Mi piacerebbe sentire il vostro parere


----------



## DearPrudence

Buongiorno

"*bombasse*" viene della parola "*une bombe*" (= une femme très sexy).
Ma col suffisso "-asse", la parola diventa peggiorativo (come parole come "_blondasse, faignasse_",...)
Seconde me, é una donna che tiene grandi tette (? ), grandi labbie, che é (falsa) bionda e, piú importante, che non ha classe e che non é molto intelligente.
Si usa sopprattutto per le donne che sono solo conosciute per il loro cuerpo ma che non hanno nessuno talento.

J'espère que ce que j'ai écrit est compréhensible


----------



## Frasi

Grazie,
credo di avere compreso il concetto. Almeno ho capito che non è una fusione di bomb + asses (visto che di tanto in tanto trovo qualche parola inglese nel testo).


----------



## KaRiNe_Fr

Salut Frasi,

Malgré le suffixe -_asse_, je ne crois pas que bombasse soit vraiment péjoratif mais plutôt augmentatif du terme bombe ici.
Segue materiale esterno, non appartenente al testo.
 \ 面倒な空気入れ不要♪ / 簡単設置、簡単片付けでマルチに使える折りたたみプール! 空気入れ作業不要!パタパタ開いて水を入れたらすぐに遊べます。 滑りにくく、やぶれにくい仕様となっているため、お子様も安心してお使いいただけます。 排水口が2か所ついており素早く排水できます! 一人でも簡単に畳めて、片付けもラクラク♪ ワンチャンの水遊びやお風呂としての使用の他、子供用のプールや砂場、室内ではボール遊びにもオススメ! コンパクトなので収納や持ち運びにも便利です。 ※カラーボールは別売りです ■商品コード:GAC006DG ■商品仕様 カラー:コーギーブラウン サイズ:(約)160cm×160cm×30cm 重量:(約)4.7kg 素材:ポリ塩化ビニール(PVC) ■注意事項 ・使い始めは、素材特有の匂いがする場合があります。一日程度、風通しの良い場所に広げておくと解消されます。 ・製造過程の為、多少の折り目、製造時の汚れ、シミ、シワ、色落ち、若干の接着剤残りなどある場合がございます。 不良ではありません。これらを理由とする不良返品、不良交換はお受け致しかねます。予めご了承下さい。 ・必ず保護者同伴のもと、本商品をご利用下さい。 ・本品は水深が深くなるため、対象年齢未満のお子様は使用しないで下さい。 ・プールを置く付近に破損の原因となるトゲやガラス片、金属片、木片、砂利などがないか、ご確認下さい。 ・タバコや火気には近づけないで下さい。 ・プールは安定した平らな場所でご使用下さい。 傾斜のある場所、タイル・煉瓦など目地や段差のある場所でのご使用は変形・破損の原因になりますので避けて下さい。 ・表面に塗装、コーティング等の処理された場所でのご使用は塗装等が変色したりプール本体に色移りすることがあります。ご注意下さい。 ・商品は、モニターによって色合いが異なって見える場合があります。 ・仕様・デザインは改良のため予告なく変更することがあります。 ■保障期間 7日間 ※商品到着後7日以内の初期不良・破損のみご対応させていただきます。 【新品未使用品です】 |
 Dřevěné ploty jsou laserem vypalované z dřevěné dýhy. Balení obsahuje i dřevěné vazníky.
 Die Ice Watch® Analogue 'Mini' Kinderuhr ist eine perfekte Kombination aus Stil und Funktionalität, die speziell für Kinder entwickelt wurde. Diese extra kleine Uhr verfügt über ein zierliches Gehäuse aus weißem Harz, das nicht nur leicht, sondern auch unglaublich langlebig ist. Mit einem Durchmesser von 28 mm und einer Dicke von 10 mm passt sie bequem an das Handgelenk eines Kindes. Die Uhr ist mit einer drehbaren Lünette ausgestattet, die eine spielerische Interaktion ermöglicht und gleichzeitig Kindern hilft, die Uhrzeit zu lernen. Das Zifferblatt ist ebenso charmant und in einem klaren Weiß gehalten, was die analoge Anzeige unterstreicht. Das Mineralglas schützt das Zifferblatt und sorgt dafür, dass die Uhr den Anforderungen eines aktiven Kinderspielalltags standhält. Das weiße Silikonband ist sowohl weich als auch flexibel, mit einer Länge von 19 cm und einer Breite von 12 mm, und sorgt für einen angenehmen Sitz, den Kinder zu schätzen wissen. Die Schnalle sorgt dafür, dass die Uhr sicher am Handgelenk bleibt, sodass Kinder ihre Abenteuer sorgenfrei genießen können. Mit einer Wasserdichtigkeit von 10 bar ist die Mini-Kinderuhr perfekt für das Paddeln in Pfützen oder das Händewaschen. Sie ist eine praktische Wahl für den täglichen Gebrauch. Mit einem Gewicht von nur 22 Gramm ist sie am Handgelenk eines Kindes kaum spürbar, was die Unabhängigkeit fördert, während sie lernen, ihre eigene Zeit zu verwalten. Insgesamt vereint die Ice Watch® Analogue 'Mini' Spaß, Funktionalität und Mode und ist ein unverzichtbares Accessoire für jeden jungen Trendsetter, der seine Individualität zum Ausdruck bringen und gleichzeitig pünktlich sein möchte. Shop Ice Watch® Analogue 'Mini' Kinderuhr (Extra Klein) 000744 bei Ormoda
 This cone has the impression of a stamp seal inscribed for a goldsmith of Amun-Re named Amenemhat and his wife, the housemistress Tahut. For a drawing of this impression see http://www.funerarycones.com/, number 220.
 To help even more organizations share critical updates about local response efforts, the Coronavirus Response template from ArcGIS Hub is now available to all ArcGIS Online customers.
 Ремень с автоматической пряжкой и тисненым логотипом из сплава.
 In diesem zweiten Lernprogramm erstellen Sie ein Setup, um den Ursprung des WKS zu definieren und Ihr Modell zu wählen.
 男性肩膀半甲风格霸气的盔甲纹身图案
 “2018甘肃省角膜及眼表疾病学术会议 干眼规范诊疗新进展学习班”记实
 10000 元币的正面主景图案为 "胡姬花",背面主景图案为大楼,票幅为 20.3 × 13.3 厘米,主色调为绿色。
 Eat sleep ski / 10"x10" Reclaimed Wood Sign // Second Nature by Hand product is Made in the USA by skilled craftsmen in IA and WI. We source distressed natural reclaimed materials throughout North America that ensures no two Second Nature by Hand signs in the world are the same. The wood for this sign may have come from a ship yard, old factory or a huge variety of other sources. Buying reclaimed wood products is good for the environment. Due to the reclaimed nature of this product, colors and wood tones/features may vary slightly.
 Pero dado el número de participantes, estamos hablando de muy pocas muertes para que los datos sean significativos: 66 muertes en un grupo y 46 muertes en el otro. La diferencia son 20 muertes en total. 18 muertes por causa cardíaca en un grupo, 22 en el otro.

C'est pour moi une vraie bombe, donc une réelle jolie fille (en argot) aux formes galbées et bien proportionnées (90-60-90).


----------



## DearPrudence

Hmmm...
En tapant "bombasse" dans google, on ne trouve pas de "bombasse" en contexte très flatteur 

En plus, je ne dirais pas d'actrices comme Monica Belluci ou Scarlett Johannson (malgré leur très beau corps) que ce sont des bombasses, parce que je trouve le terme un peu vulgaire. Je dirais plutôt ça pour quelqu'un que je ne respecte pas trop  
Enfin, c'est comme ça que je le vois...

"bombasses" pour des playmates écervelées, qui n'ont d'autres talent que de poser (à moitié) nues pour montrer leur corps (parfois) refait, par contre, je trouve que ça "marche" bien par contre


----------



## KaRiNe_Fr

DearPrudence said:


> Hmmm...
> En tapant "bombasse" dans google, on ne trouve pas de "bombasse" en contexte très flatteur  [...]


On ne regarde pas les mêmes sites ! 
Dans les tiens, bombasse est toujours suivi d'un autre terme derrière, et à chaque fois dégradant... Je maintiens (je suis peut-être la seule, mais j'assume ! ), que bombasse en lui-même n'est qu'un terme d'argot (pas très élégant, ok) pour dire qu'une fille est jolie et suscite des « réactions » chez les jeunes hommes.  
La définition de (feu ?) ce site d'argot : « jolie fille, excitante ».


----------



## lingogal

Moi, je suis plutôt de l'avis de Prudence---presque tous les sites que j'ai trouvés sur Google donne un sens péjoratif au mot, genre "blonde bombshell" en anglais. Il y a pas mal de sites "xxx" ou "soft" porno avec ce mot...


----------